▸ **What to produce**: After finding the line with "他の画像を見る 「bws SELECTION" in the data below, set down exactly each line through the one with "In the heart of Cannes", inclusive, and stop there.

[Opening Excerpted records section]

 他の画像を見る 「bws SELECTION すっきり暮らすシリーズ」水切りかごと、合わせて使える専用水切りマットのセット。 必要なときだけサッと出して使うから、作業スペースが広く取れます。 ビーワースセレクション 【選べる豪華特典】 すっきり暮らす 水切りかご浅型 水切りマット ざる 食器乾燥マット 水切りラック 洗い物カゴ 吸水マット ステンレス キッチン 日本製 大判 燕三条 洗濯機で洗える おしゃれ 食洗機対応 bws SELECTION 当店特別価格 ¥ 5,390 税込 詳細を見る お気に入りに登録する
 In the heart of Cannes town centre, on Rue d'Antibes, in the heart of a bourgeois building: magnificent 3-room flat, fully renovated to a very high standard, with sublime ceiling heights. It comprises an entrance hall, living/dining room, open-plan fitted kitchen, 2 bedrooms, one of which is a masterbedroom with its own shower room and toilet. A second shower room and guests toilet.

[Closing Excerpted records section]
[Opening Excerpted records section]

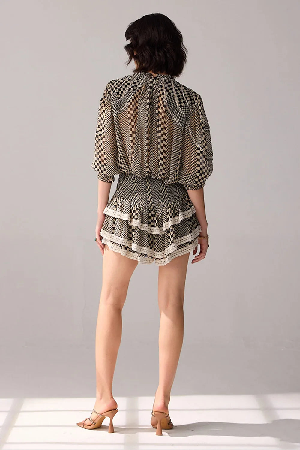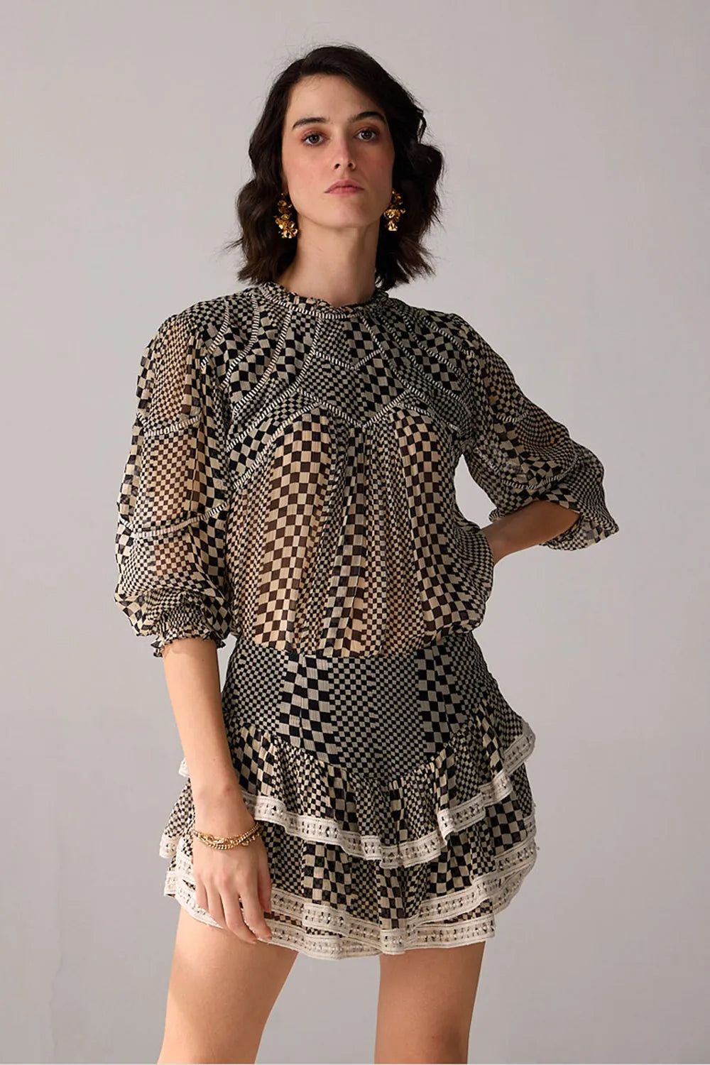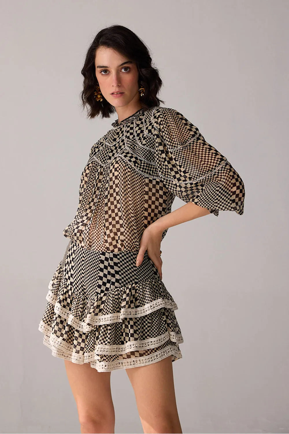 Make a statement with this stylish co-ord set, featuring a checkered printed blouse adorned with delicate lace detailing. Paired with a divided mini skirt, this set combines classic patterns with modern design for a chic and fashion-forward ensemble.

[Closing Excerpted records section]

▸ **Solution to the problem**:
 他の画像を見る 「bws SELECTION すっきり暮らすシリーズ」水切りかごと、合わせて使える専用水切りマットのセット。 必要なときだけサッと出して使うから、作業スペースが広く取れます。 ビーワースセレクション 【選べる豪華特典】 すっきり暮らす 水切りかご浅型 水切りマット ざる 食器乾燥マット 水切りラック 洗い物カゴ 吸水マット ステンレス キッチン 日本製 大判 燕三条 洗濯機で洗える おしゃれ 食洗機対応 bws SELECTION 当店特別価格 ¥ 5,390 税込 詳細を見る お気に入りに登録する
 In the heart of Cannes town centre, on Rue d'Antibes, in the heart of a bourgeois building: magnificent 3-room flat, fully renovated to a very high standard, with sublime ceiling heights. It comprises an entrance hall, living/dining room, open-plan fitted kitchen, 2 bedrooms, one of which is a masterbedroom with its own shower room and toilet. A second shower room and guests toilet.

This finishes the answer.